- [Material shown]
**********

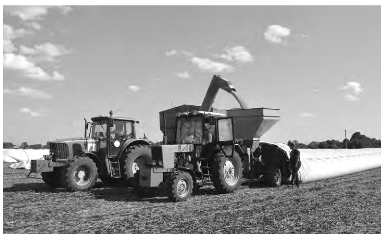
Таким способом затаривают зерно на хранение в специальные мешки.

**********

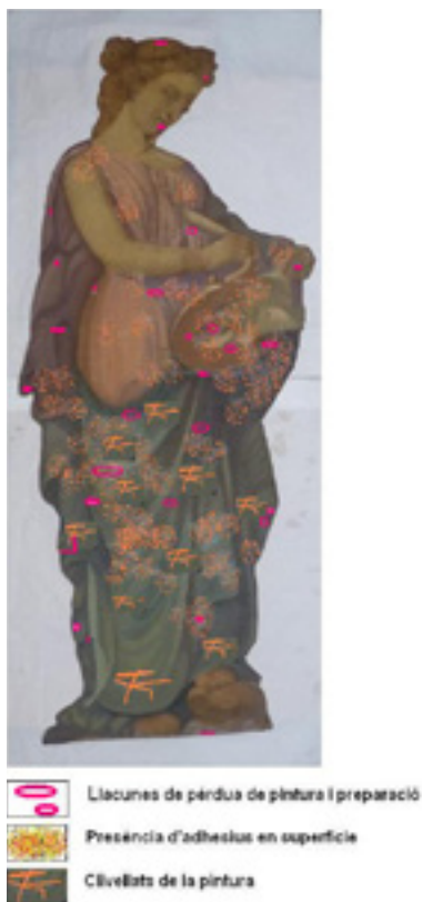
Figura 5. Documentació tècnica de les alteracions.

**********

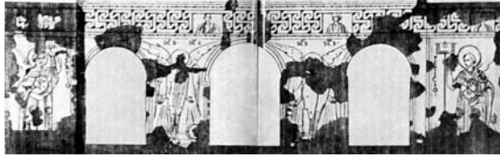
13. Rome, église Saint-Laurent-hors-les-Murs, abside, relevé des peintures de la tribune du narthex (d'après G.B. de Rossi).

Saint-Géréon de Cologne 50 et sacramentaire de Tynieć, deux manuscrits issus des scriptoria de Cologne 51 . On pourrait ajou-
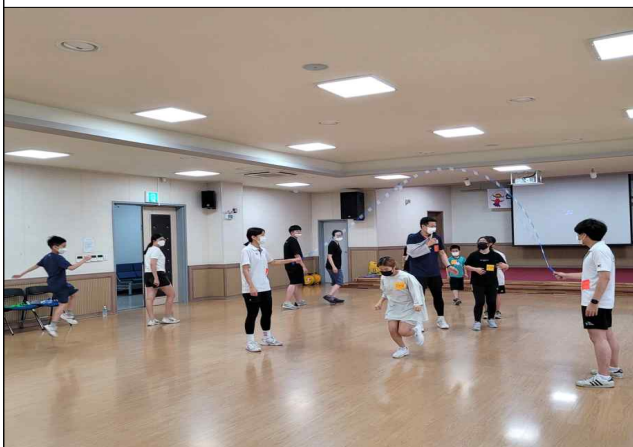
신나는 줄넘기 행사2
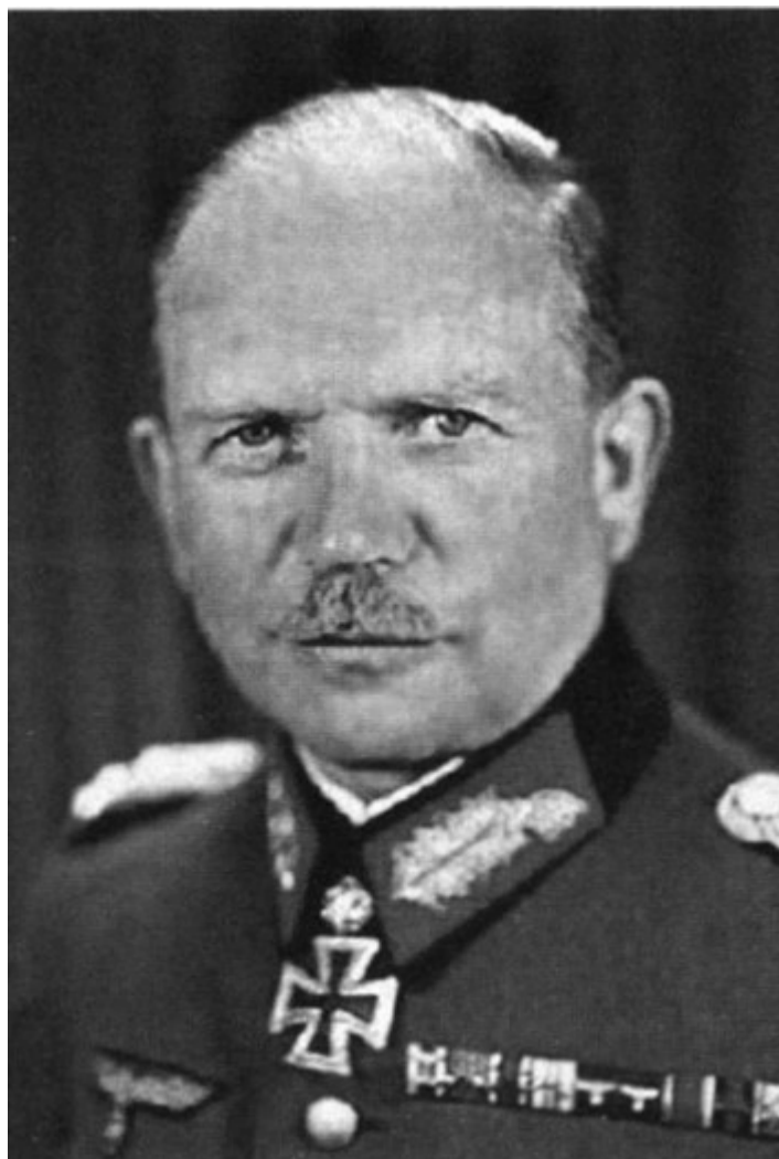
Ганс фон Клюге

**********

- [Exercise directions] Copy exactly the material above from the line with "Saint-Géréon de Cologne" to the line with "Ганс фон Клюге", ends included, and nothing else. Leave out any picture.

- [Problem solution]
Saint-Géréon de Cologne 50 et sacramentaire de Tynieć, deux manuscrits issus des scriptoria de Cologne 51 . On pourrait ajou-
신나는 줄넘기 행사2
Ганс фон Клюге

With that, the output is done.